Es fácil pensar que este es el efecto conseguido por los medios hegemónicos, que fogonean como nunca antes. Sin embargo, el impacto de los medios consiste en reforzar prejuicios, no en inventarlos.
Olvidemos por un instante a los medios. ¿Por qué el ciudadano anti K fingiría su certeza de que ha derrotado con el voto a un gobierno corrupto y criminal y ha hecho posible que gobierne el cambio? ¿Por qué sobreactuaría una indignación republicana que, sin embargo, no se ceba con las muchas causas contra su presidente y sus colaboradores?
A esta altura sólo puedo proponer algunas hipótesis:
El mundo de los K es demasiado revulsivo para muchos.
No les gusta el populismo, los liderazgos personales fuertes, la costumbre de las movilizaciones masivas, las denuncias contra el poder económico, y judicial, contra los diarios, canales y radios que consume la clase media, el papel protagónico reclamado para el Estado, la confrontación con Estados Unidos.                

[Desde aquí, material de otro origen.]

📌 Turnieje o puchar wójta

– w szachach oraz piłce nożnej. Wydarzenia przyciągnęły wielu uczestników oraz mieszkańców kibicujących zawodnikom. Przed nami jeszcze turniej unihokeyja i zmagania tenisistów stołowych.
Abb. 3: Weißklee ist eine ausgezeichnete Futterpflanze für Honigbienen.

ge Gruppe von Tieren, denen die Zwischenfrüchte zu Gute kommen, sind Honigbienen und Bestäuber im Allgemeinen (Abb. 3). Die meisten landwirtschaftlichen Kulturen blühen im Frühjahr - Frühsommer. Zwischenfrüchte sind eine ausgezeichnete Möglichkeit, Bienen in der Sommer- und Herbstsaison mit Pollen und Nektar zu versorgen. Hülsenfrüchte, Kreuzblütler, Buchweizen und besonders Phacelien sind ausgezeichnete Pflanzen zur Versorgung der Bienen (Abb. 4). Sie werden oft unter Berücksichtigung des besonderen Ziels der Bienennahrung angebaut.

Rechazan a los gobiernos latinoamericanos con los cuales los Kirchner han hecho sociedades, empezando por Venezuela. Les parece intolerable la amplísima libertad otorgada a piqueteros y sectores carenciados para cortar calles y rutas. No les gusta el lugar destacadísimo asignado a personajes como Hebe Bonafini, que cuestiona como una topadora los silencios cómplices frente a la dictadura, ni aceptan los beneficios concedidos a viejos que no tenían los aportes jubilatorios en regla ni a las embarazadas de los sectores humildes. Cuando pagan sus impuestos pensando en que una parte grande va destinada a esos sectores, sienten que les roban todo. No toleran el “garantismo” que protege a los menores pobres ni la hospitalidad ofrecida a los bolivianos, paraguayos y peruanos. Odian que se cuestione a los patrones.

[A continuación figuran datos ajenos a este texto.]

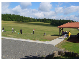
Golfové hřiště na Radíkově
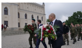
30. rocznica powstania Stowarzyszenia Środowiska Borowicz-an-Sybiraków
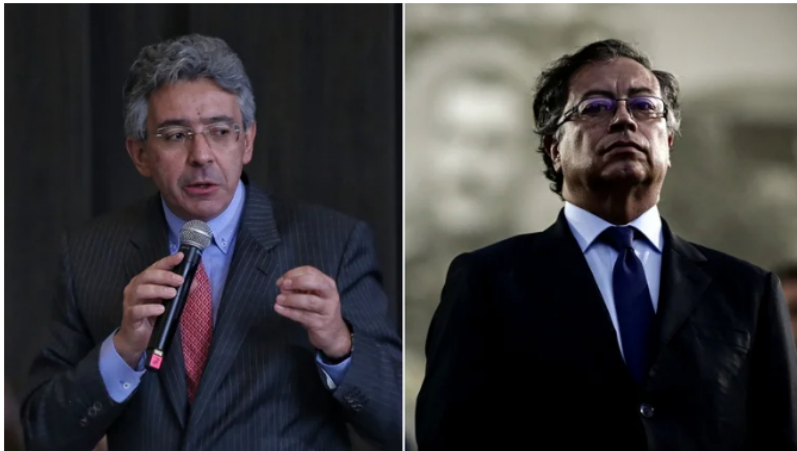
El excandidato presidencial criticó y arremetió en contra del jefe de Estado.

... y para el control de precios, y para romper la independencia del Banco de la República, y para sacar corriendo a las petroleras, reventar a Ecopetrol , frenar las inversiones del sector productivo, inducir la crisis financiera de las EPS, liberar, indultar y contratar a los jefes y sargentos de la primera línea y masificar la toma de tierras.
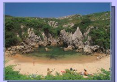
Playa de Gulpiyuri, Ribadesella

Estos rasgos de las políticas K, gran parte de ellos inherentes a un modelo de inclusión, violentan una idea tradicional de país donde imperan las jerarquías. Las iniciativas igualitarias se dan de patadas con las jerarquías. Y muchos creen que las jerarquías preservan un orden, sean por presuntos merecimientos o por patrimonio. Por ejemplo, la riqueza provoca en muchos ciudadanos una idea de superioridad, si no moral, al menos de espíritu de progreso.
Si estas hipótesis dan cuenta de parte de la realidad, el “Se robaron todo”, el asimilar el populismo a una mafia criminal, expresan un  profundo choque cultural. En lo que el kirchnerismo llamó la “Década ganada” ha sido puesto en cuestión un orden cultural, un sistema de valores que una parte considerable de la población sintió que se le estaba arrebatando, y que confió en aquellos que en 2015 invocaron “El cambio” para que procedieran a reinstalar.
No en vano se juzga este tiempo que nos toca vivir como el de una restauración conservadora. Su punto débil, por suerte, es que se viene ejecutando contra la voluntad de la mitad de los argentinos.